6.2. Future Action: Breaking Bottlenecks and Reconstructing Ecology
Although significant progress has been made, the current management of acute abdomen still faces many challenges. The uneven distribution of medical resources leads to the limited treatment capacity of grass-roots hospitals. The increase in elderly patients and complex cases puts forward higher requirements for diagnosis and treatment programs, and the problems of drug-resistant bacteria infection also need to be solved.
The future development direction should focus on the following aspects: first, the development and application of artificial intelligence aided decision-making system will improve the efficiency and accuracy of diagnosis, especially in primary medical institutions with limited resources. Secondly, the continuous innovation of minimally invasive technology, including robotic surgery and the application of new biomaterials, is expected to further improve the surgical effect. Moreover, precise treatment strategies for drug-resistant bacterial infections, such as rapid pathogen detection and targeted antibiotic use, will become the focus of research.

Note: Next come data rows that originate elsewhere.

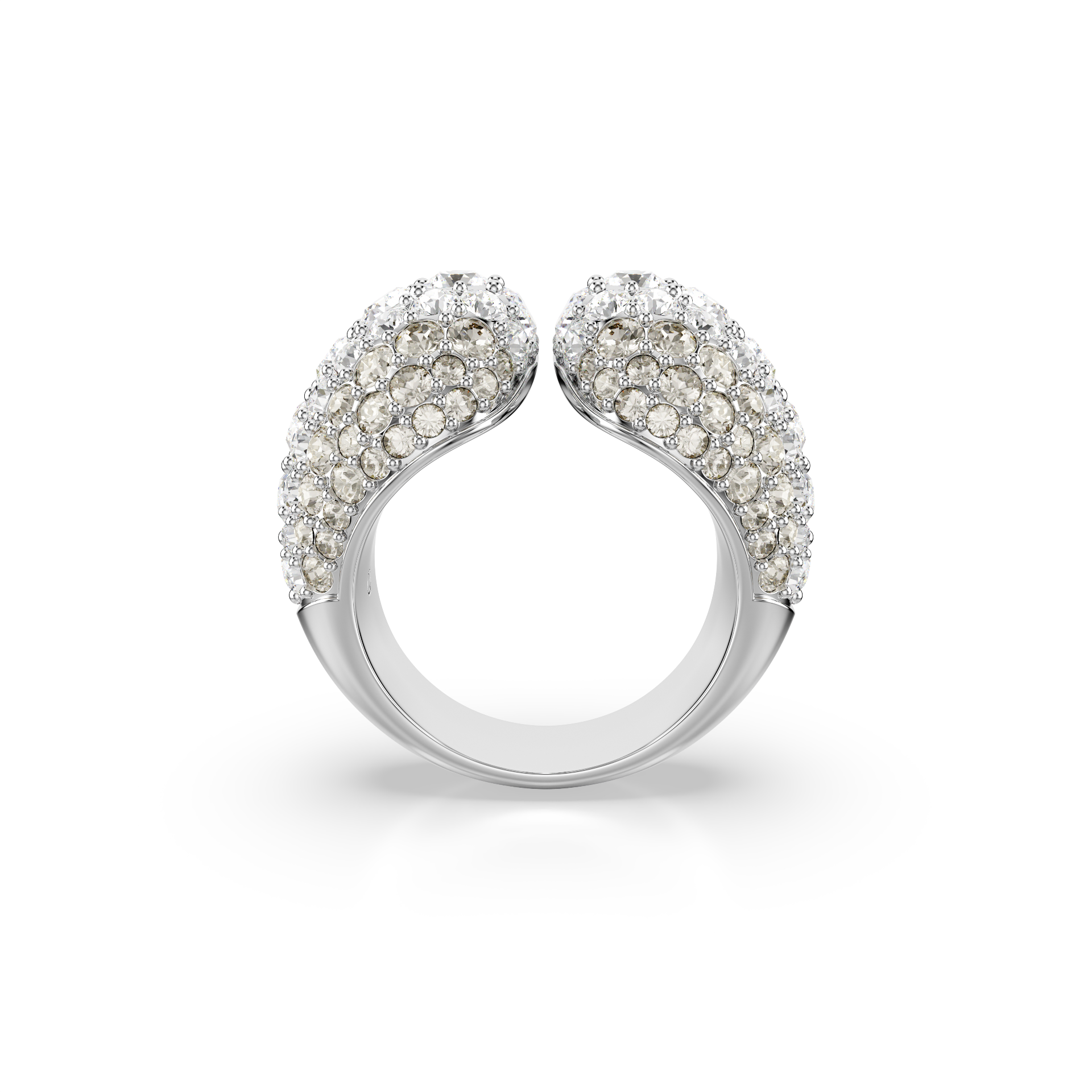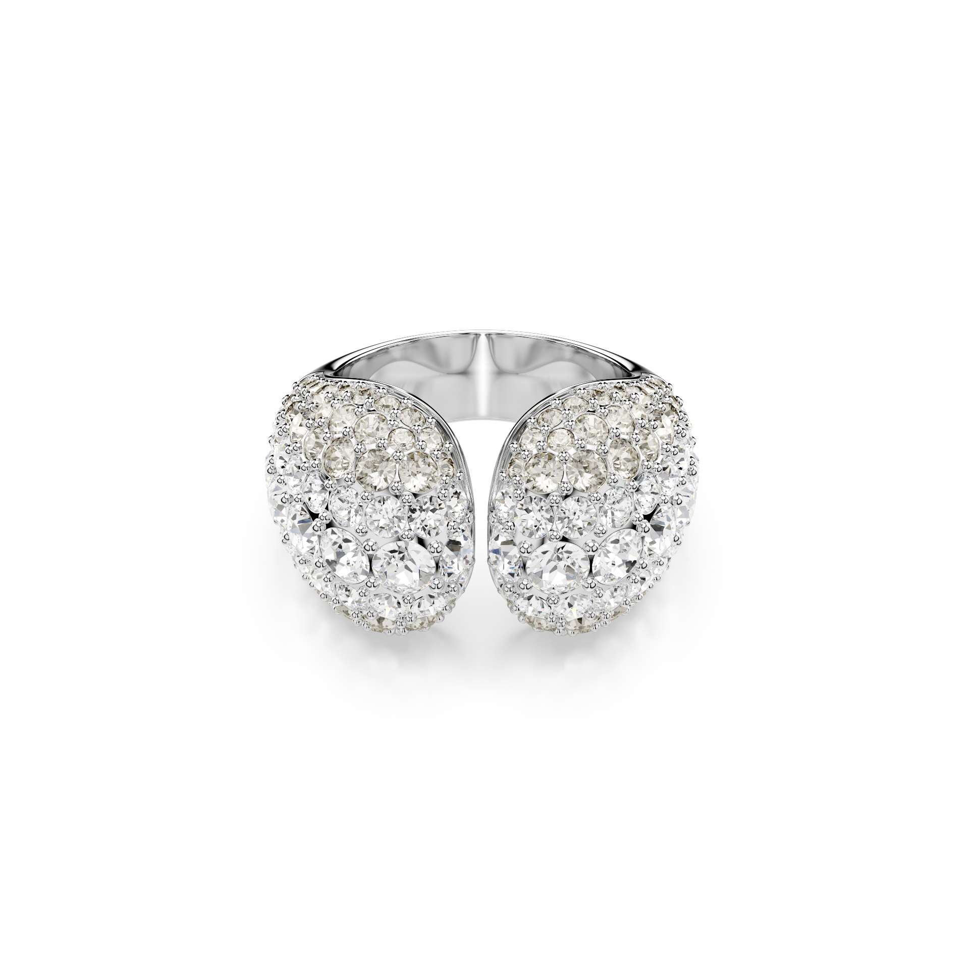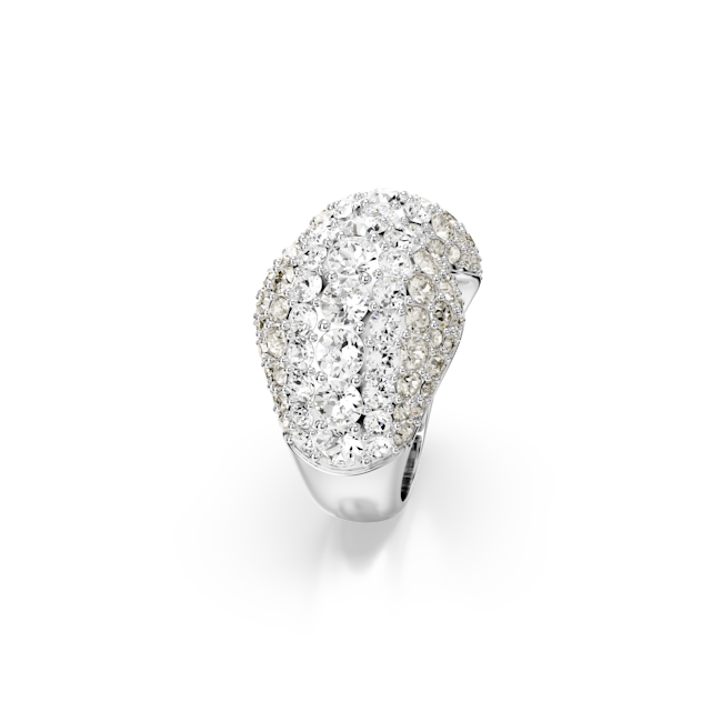 Bu göz kamaştırıcı Sublima kokteyl yüzüğüyle ihtişamın dozunu artırın. Benzersiz pavé tasarımı rodyum kaplama olmasının yanı sıra benzersiz bir hacim sunan kubbeli metal bir kaideyle tamamlanıyor. Farklı boyutlardaki kristallerin Meteora deseni bu büyüleyici efekte ışıltı katıyor. Göz kamaştırıcı bir görünüm için bu cesur parçayı uyumlu Sublima küpelerle birlikte kullanın.
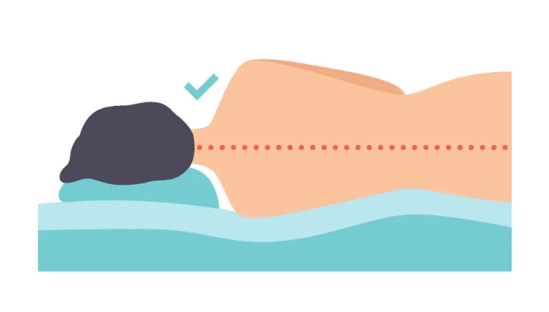 仰卧时枕头的高度不宜过高或过低,并且枕头需要放置到整个颈椎后侧,完全承托我们的颈椎,让其更好地放松。推荐的枕头高度:压实后,高度比我们的拳头等高或略高为宜。
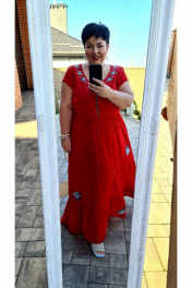В этом грациозном платье- настоящий заряд позитива. Вышивка смотрится шикарно, а силуэт и макси длина создают дорогой образ. Платье, отрезное по линии талии, полуприлегающее в верхней части и расклешённое в нижней. По переду расположены вытачки, фигурная вставка по центру, в деталях юбки расположены горизонтальные подрезы, в боковых швах расположены карманы. По спинке расположены талиевые вытачки, горизонтальные подрезы и воланы. Рукав втачной. Длина рукава 12 см. Длина платья 139 см (р-р 50-54), 140 см (р-р 56-60). платье 50 52 54 56 58 60 обхват груди 106 110 114 118 122 126 обхват талии 94 98 102 106 110 114 обхват бедер ширина рукава вверху 38 40 42 44 46 48
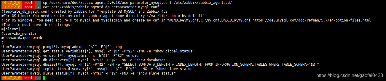 - cp /usr/share/doc/zabbix-agent-5.0.13/userparameter_mysql.conf /etc/zabbix/zabbix_agentd.d/
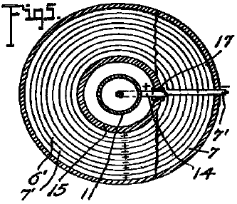 Fig.5 zeigt eine Anordnung zur Herstellung von großen Strömen, die ohne Motoren direkt verwendet werden kann, um Heizung und Beleuchtung. Der wesentliche Unterschied ist hier, dass die Funkenstrecke besteht aus sternförmige Scheibe 7, die um ihre eigene Achse drehen kann und von einem Motor gegenüberliegenden ähnlich ausgestattet Elektroden 7a gedreht. Wenn getrennte Punkte der Starts einander zugewandt sind, entlädt stattfinden, wodurch eine Oszillatorschaltung mit den Kondensatoren 5 und 6 und der Induktivität 9 ist ersichtlich, dass ein Motor kann auch direkt an den Enden der Spule 9 verbunden werden.
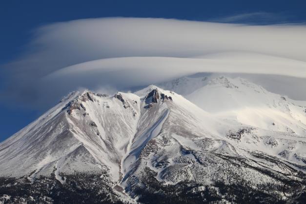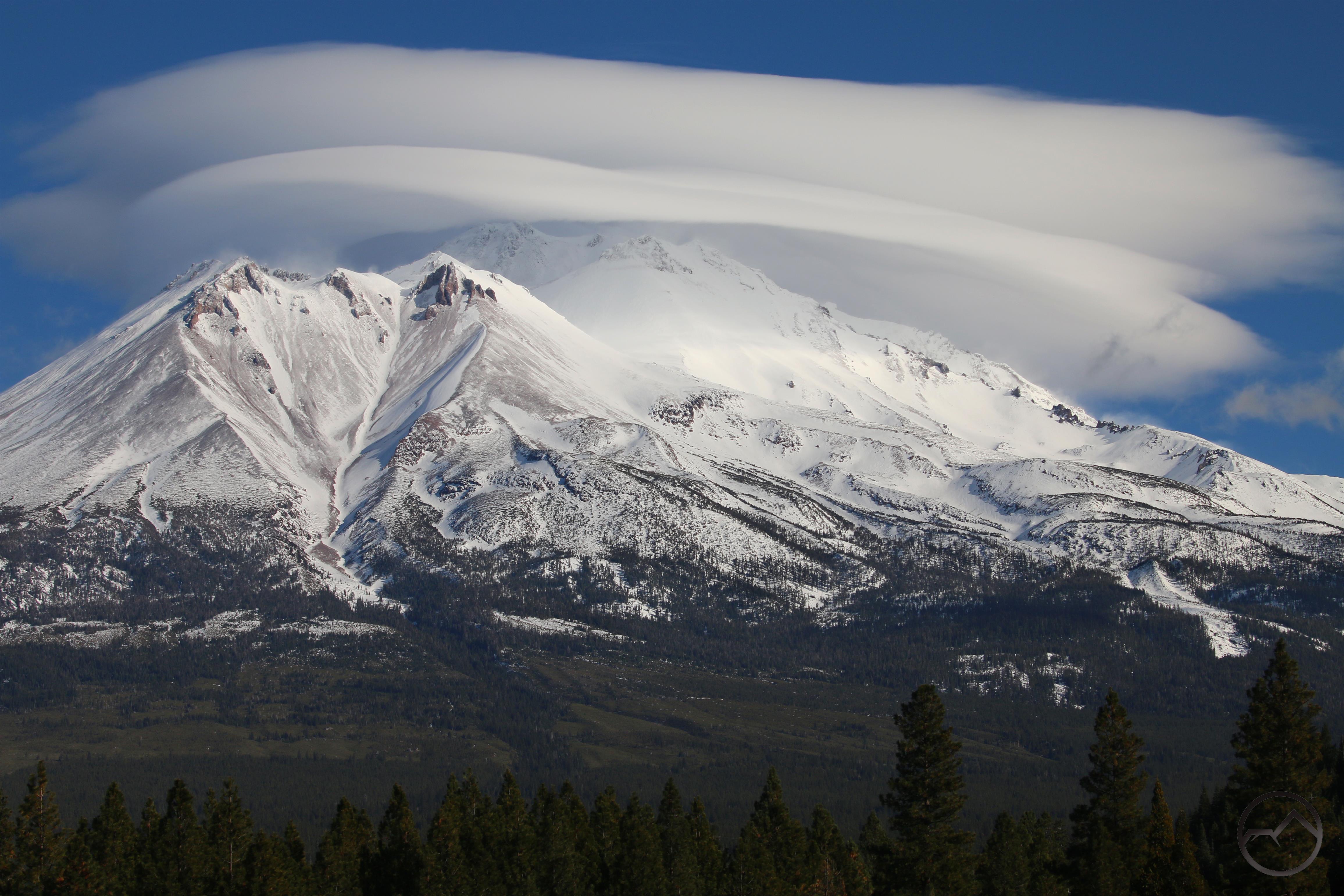 Though yesterday was actually a rather beautiful, sunny day, the forecast called for snowy weather by the evening. Furthermore, it was likely to be the last sunny day for a week, which meant a longer shift in weather patterns. The fluctuating systems yielded a lenticular over Mount Shasta which began to manifest around 11 AM. Within an hour it had gone from the barest wisps over the summit to a large single disk-like cloud. From there it bifurcated and developed into a pair of relatively stable large disks with a few smaller ones coming and going as the cloud swirled around the mountain. It was quite fun to watch.
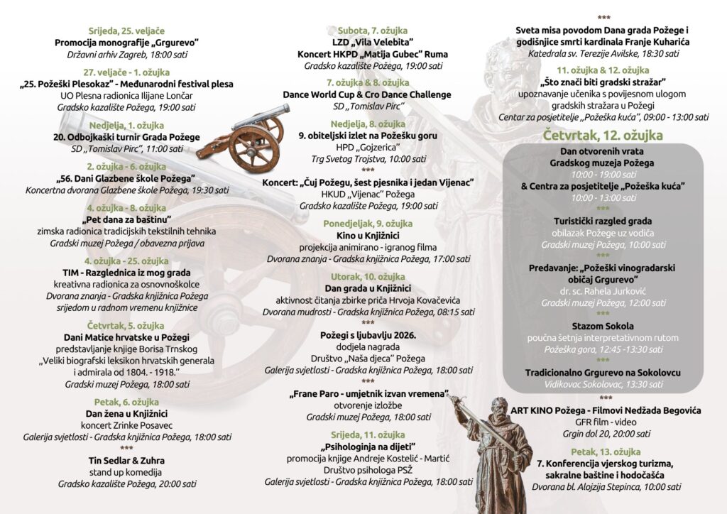 Proslava Dana grada Požege i Grgureva jedno je od najautentičnijih i najvažnijih kulturnih obilježja grada, duboko ukorijenjeno u povijesnoj i zajedničkom sjećanju Požežana. Program obilježavanja odvija se tijekom cijelog mjeseca ožujka, a u njegovu provedbu svojim su aktivnostima uključene brojne gradske ustanove i udruge koje svojim djelovanjem doprinose bogatstvu i raznolikosti kulturnog i društvenog života grada. Na današnjoj tiskovnoj konferenciji, program je najavila direktorica Turističke zajednice Grada Požege, Mirna Šimunović Svoboda, dok je gradonačelnik Grada Požege, Borislav Miličević, uputio poziv sugrađanima i gostima grada da se pridruže ovogodišnjem obilježavanju.
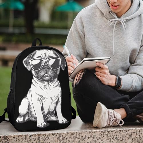 Black White Cool Pug Puppy Unisex Backpack 17" Casual Daypacks Simple Shoulders Bag for Camping Hiking Travel Gear 5
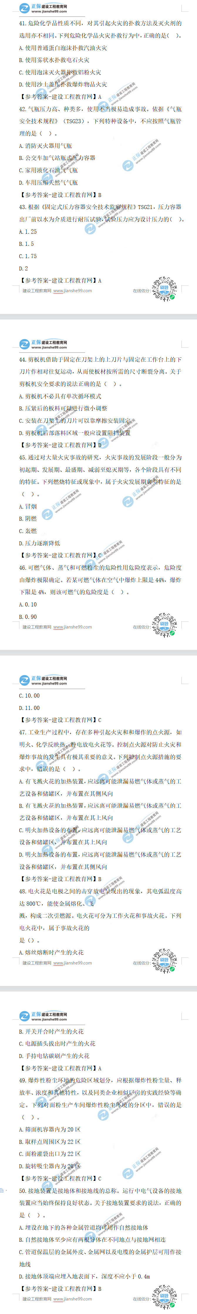 2021年安全工程師考試于10月16日、17日舉行。考試過(guò)后,廣大考生最關(guān)心的問(wèn)題莫過(guò)于“2021年安全工程師生產(chǎn)技術(shù)試題及答案解析41-50題”了,建設(shè)工程教育網(wǎng)考后將會(huì)根據(jù)學(xué)員反饋,及時(shí)匯總2021安全考試生產(chǎn)技術(shù)試題相關(guān)信息分享給大家,并且會(huì)及時(shí)做出答案解析,希望能為廣大安全考生朋友帶來(lái)幫助。

In addition, a patient management system covering the whole cycle should be established to integrate all links of preoperative assessment, intraoperative intervention and postoperative rehabilitation, to achieve real continuous medical care. At the same time, we should pay attention to the collection and application of patients’ reported outcomes (PROs), integrate the subjective feelings and quality of life of patients into the efficacy evaluation system, and promote the transformation of medical services into a “patient-centered” mode.
These developments will not only improve the treatment level of acute abdomen but also provide reference for the diagnosis and treatment of other acute and severe diseases and ultimately achieve the overall improvement of medical quality and efficiency.